You can list the contents of your present working directory by entering the command ls
in the Mac terminal or dir
in the Windows command prompt. These files in the present working directory can be accessed by commands you type just by entering their filenames: for example, cat example.txt
would print the contents of the file example.txt
in the Mac terminal if your present working directory is /Users/demo/Documents
. However, if you're in a different directory, you must enter the "full path" of the file: for example, if your present working directory is the My Downloads
folder instead of My Documents
, then you would need to specify the full path of the file and enter the command type "C:\Users\demo\My Documents\example.txt"
, to print the file's contents in the Windows command prompt.
Updating the PATH Environment Variable¶
When working in your shell, you can define variables that help make work easier. One such variable is PATH, which is a list of directories where executable programs are located.

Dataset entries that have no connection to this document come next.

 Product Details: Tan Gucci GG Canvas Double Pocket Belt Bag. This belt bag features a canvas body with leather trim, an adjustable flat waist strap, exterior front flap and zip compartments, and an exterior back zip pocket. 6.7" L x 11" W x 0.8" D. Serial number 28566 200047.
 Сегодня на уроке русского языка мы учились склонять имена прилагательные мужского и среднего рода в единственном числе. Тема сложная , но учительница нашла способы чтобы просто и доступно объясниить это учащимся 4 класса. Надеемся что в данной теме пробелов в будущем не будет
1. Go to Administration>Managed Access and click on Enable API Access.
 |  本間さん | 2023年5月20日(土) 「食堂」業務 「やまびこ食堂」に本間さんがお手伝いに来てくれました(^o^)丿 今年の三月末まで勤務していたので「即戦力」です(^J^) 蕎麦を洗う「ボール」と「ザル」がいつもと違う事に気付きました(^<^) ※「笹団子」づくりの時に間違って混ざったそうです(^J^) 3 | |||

By adding a folder to the PATH, programs in that folder can be executed from any other folder/directory regardless of the present working directory.
So, by adding the directory containing the gen3-client program to your PATH variable, you can run it from any working directory without specifying the "full path" of the program. Simply enter the command gen3-client
, and you will run the program.
Note: In the case that you haven't properly added the client to your path, the program can still be executed from any directory with the following command:
/full/path/to/executable/gen3-client <options>
. If you are working in the directory containing the executable, then/full/path/to/executable
is simply./
. So the command from the executable's directory would be./gen3-client
.
Sending Parameters to Programs on Command-line¶
Most programs require some sort of user input to run properly. Some programs will prompt you for input after execution, while other programs are sent this input during execution as "flags" (AKA "arguments" or "options"). The gen3-client uses the latter method of sending user input as command arguments during program execution.

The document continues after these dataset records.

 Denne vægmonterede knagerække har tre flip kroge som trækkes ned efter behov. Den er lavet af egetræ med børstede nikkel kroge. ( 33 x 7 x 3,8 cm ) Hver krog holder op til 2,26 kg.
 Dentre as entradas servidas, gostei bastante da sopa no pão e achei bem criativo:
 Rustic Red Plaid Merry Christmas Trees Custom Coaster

For example, when configuring a profile with the client, the user must specify the configure
option and also specify the profile name, API endpoint, and credentials file by adding the flags --profile
, --apiendpoint
and --cred
to the end of the command (see configuring a profile section above for specific examples).
Expired Token¶
Many commons have a limit to how long a token is good before it is expired. Once expired you may receive an error such
RequestNewAccessToken with error code 401
If this happens (and you are still authorized to access the data), you can download a new API token and re-create your profile using the previously used command.